Originally, the guappo was rather a violent free spirit; free from the law as well as the "official" Camorra, with his proper code of honour, at once an extortionist, criminal, and often a pimp, while also a rectifier of wrong for the local neighbourhood and a benefactor of artists of the café chantant. He was sometimes allied with, and sometimes a rival of the Camorra. Around 1860, a guappo was described as an independent and individualist camorrista.
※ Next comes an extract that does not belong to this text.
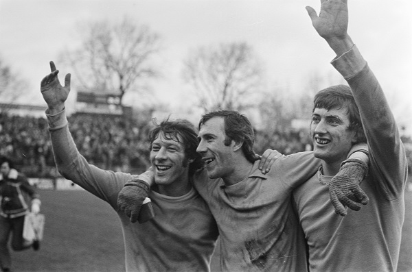 Foto: Simon van Vliet (rechts) viert feest met zijn ploeggenoten Mansveld (links) en Thie (midden), foto door Peters, Hans / Anefo - GaHetNa (Nationaal Archief NL) 928-3789, CC0, https://commons.wikimedia.org/w/index.php?curid=38970818

When the Camorra as an organisation was weak, the guappo flourished. After the first mass trial against the Camorra in 1911-12, and the advent of Fascist rule the Camorra as an organisation was nearly destroyed. The local guappo returned and the interwar period (1918–1939) was the heyday of the individualist guappo power. After World War II, with the return of the Camorra, the figure of the guappo eventually merged into the organisation. A typical guappo of that era was Pasquale Simonetti, also known as "Pascalone ‘e Nola", who controlled the Naples fruit market. He was married to Pupetta Maresca and famous for publicly slapping American Mafia boss, Lucky Luciano, at the Agnano racetrack. (In fact, the perpetrator was Francesco Pirozzi, known as Ciccillo 'o francese, one of the men of Camorra boss Alfredo Maisto.)

==In art and popular culture==
The Guappo is present in Neapolitan drama, music and literature, such as the Neapolitan song "Guapparia" by of the poet Libero Bovio, in works of the author Raffaele Viviani, and the journalists Ferdinando Russo and Matilde Serao.

The comedian Totò played a role of an ordinary person bullied by a guappo in The Gold of Naples (L'oro di Napoli) a 1954 Italian comedy film directed by Vittorio De Sica.

The Neapolitan composer of operas Domenico Cimarosa features a Guappo in his 1786 opera Il credulo. The transition from guapparia to Camorra in the mid-20th Century is portrayed in several filmic sceneggiate starring Italian actor and singer Mario Merola, who often played the role of an old-style "guappo" standing up against the injustices brought about by the Camorra; examples include Sgarro alla camorra ("Affront to the Camorra", 1973) and L'ultimo guappo ("The last guappo", 1978).

In the 1974 American film The Godfather Part II, the character of Don Fanucci is depicted as carrying himself and dressing like a stereotypical guappo.